AREVA and UraMin Inc. today entered into an agreement in respect of AREVA's friendly cash offer for 100% of the share capital of UraMin (the "Offer"). UraMin is listed in London (AIM) and Toronto (TSX). AREVA (Euronext Paris) already owns 5.5% of UraMin's share capital.

This cash offer of AREVA will be made through its indirect wholly-owned subsidiary CFMM Développement ("AREVA") based on a price of US$ 7.75 per UraMin share. The total offer consideration amounts to more than USD 2.5 billion for 100% of the fully diluted share capital of UraMin(3). This represents a premium of 21% over UraMin 20-day weighted average trading price(1) ending on June 8, 2007(2).

The UraMin Board of Directors, after consulting with its financial advisors, has determined that the offer is fair and in the best interest of the UraMin shareholders and it has resolved to recommend acceptance of the Offer. BMO Capital Markets has provided an opinion that the offer is fair, from a financial point of view, to the UraMin shareholders.

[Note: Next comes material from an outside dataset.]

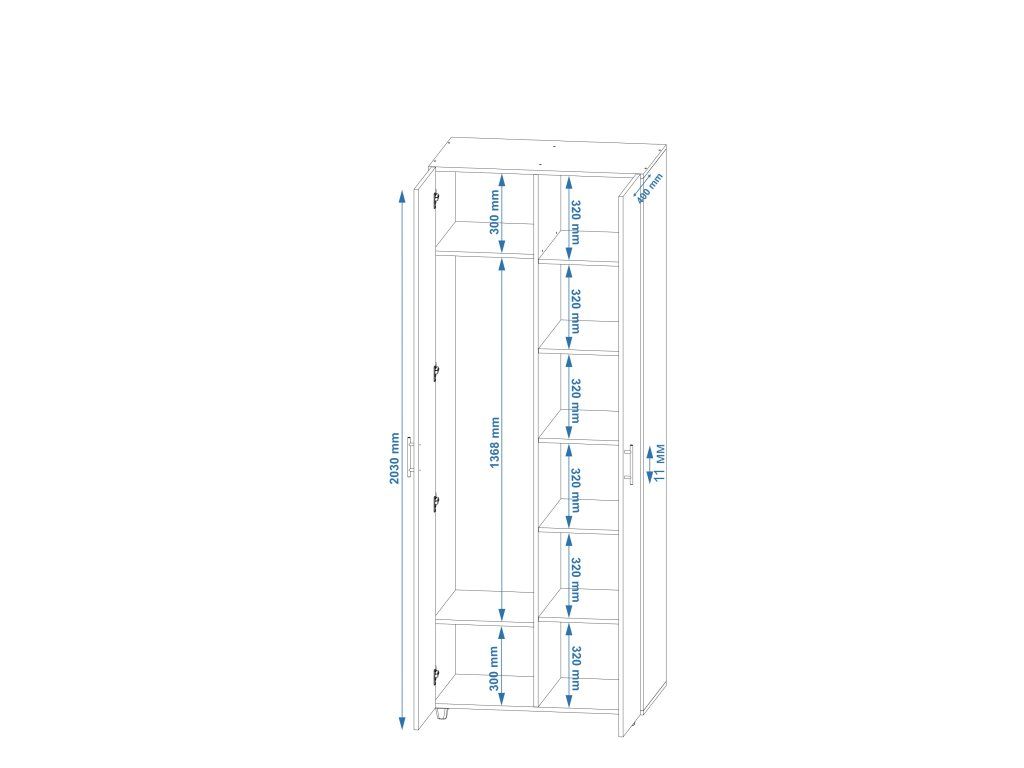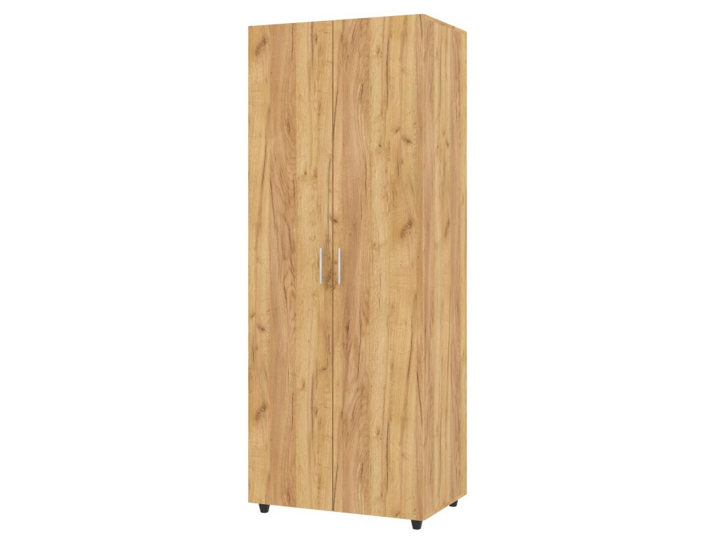 Tato dvoudveřová šatní skříň z kolekce MILANA je ideální volbou pro ty, kteří hledají kombinaci stylu a funkčnosti. S rozměry výška 207 cm, šířka 80 cm a hloubka 53,6 cm se skvěle hodí i do menších prostor, a přitom poskytuje dostatek úložného prostoru pro vaše oblečení.

In connection with the offer, all directors and certain other shareholders representing approximately 25% of the outstanding UraMin shares (calculated on a fully diluted basis) have entered into lock-up agreements with AREVA pursuant to which they have agreed to tender all their UraMin shares to AREVA's offer.

The support agreement entered into between AREVA and UraMin provides for, among other things, in case a superior proposal is accepted by UraMin, a right to match in favour of AREVA.

The support agreement also includes a break up fee in favour of AREVA of US$ 75 million under certain circumstances.

The offer and take-over circular will be mailed to UraMin shareholders in the coming days. The offer period will be open for not less than 35 days. The offer is conditional upon, in particular, the tendering of a minimum of 75% of the outstanding UraMin's shares on a fully diluted basis, including the 5.5% shares held by AREVA.

Concurrently with the closing of the proposed offer, UraMin will declare a dividend payable in shares of the capital of Niger Uranium Limited held by UraMin (where permitted by law) or a cash equivalent of the value of such shares. Further details will be provided at the time of the mailing of UraMin Directors' Circular.